**Task description**: Make an exact copy of all the records that follow, apart from the pictures.

Data items
=======
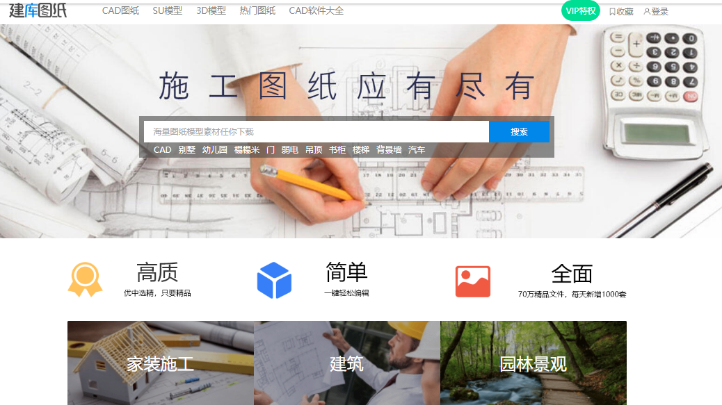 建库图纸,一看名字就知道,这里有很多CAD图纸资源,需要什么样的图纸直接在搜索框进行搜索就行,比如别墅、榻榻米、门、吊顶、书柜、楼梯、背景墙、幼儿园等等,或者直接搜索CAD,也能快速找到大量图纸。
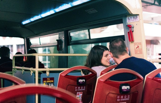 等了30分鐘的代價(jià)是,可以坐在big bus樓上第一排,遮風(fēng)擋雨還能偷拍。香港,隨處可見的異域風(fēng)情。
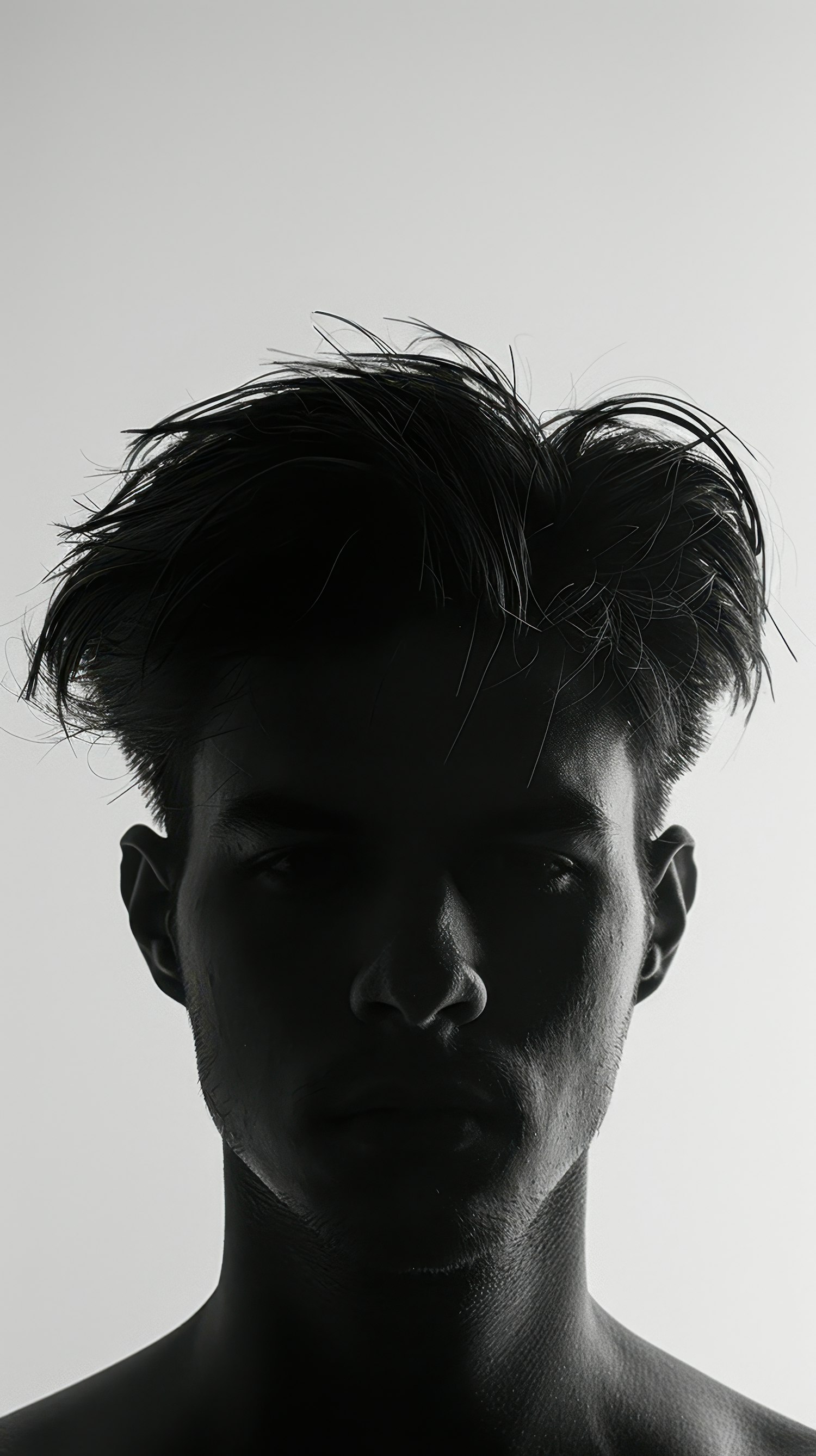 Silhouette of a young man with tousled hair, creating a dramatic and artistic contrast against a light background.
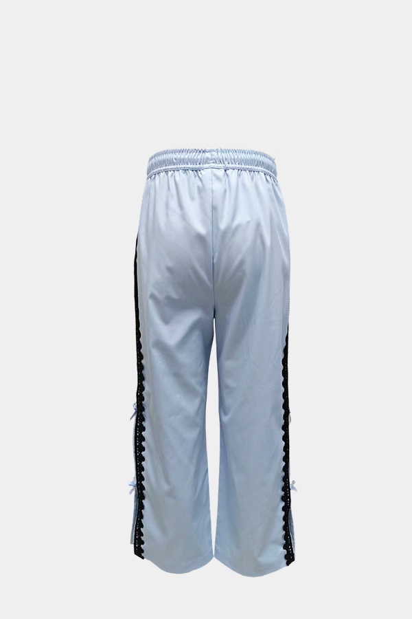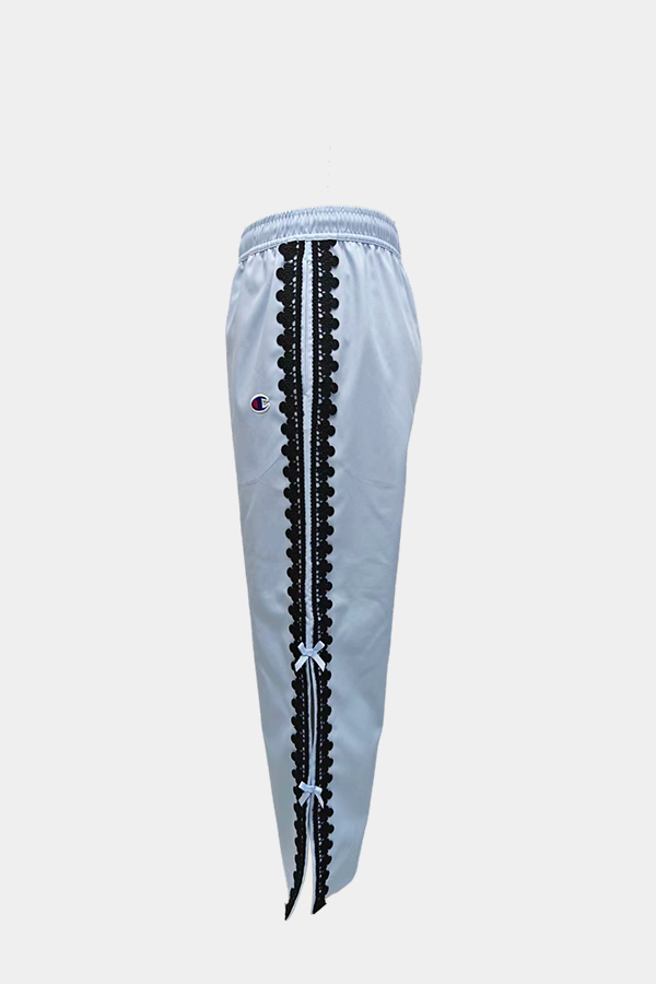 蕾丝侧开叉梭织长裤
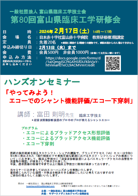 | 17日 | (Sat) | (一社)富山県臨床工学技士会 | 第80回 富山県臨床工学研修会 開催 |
=======
**Response area**:
 建库图纸,一看名字就知道,这里有很多CAD图纸资源,需要什么样的图纸直接在搜索框进行搜索就行,比如别墅、榻榻米、门、吊顶、书柜、楼梯、背景墙、幼儿园等等,或者直接搜索CAD,也能快速找到大量图纸。
 等了30分鐘的代價(jià)是,可以坐在big bus樓上第一排,遮風(fēng)擋雨還能偷拍。香港,隨處可見的異域風(fēng)情。
 Silhouette of a young man with tousled hair, creating a dramatic and artistic contrast against a light background.
 蕾丝侧开叉梭织长裤
 | 17日 | (Sat) | (一社)富山県臨床工学技士会 | 第80回 富山県臨床工学研修会 開催 |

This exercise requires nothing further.